Johnson's (R-La.) election to the role in October—following the ouster of former Speaker Kevin McCarthy (R-Calif.), who then left Congress early—was seen as a signal of the MAGA flank's hold on the Republican Party. However, since then he has faced criticism from Greene (R-Ga.) and others for, among other things, not shutting down the government.
Greene delivered on her threatened motion to vacate—provoking boos from fellow lawmakers—after meeting with Johnson for hours on Monday and Tuesday. The final vote to table her resolution was 359-43, with 196 Republicans and 163 Democrats backing the far-right speaker. Seven Democrats voted present and 21 lawmakers did not vote.

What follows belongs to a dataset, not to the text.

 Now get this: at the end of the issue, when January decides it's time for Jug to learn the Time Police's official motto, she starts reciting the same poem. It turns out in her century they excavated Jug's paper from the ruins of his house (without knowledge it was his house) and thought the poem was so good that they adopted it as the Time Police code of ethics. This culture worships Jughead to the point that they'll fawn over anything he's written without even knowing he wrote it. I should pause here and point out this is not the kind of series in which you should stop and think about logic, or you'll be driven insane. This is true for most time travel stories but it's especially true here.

Ten Republicans joined Greene in trying to give Johnson the boot: Reps. Andy Biggs (Ariz.), Eric Burlison (Mo.), Eli Crane (Ariz.), Warren Davidson (Ohio), Paul Gosar (Ariz.), Thomas Massie (Ky.), Alex Mooney (W.Va.), Barry Moore (Ala.), Chip Roy (Texas), and Victoria Spartz (Ind.).

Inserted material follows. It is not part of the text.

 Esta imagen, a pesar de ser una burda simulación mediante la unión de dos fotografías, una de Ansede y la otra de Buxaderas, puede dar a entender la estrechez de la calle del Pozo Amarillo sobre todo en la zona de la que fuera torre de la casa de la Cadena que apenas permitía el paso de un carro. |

Addressing the position of most Democrats, House Minority Leader Hakeem Jeffries (N.Y.) said in a statement:
Our decision to stop Rep. Marjorie Taylor Greene from plunging the House of Representatives and the country into further chaos is rooted in our commitment to solving problems for everyday Americans in a bipartisan manner. We need more common sense and less chaos in Washington, D.C.
Marjorie Taylor Greene and the extreme MAGA Republicans are chaos agents. House Democrats are change agents. We will continue to govern in a reasonable, responsible, and results-oriented manner and to put people over politics all day and every day.
Some of the 32 Democrats who supported ousting Johnson framed the vote as proof that—in the words of Rep. Maxwell Alejandro Frost (Fla.)—the "GOP really can't govern" and the "chaos caucus is on display."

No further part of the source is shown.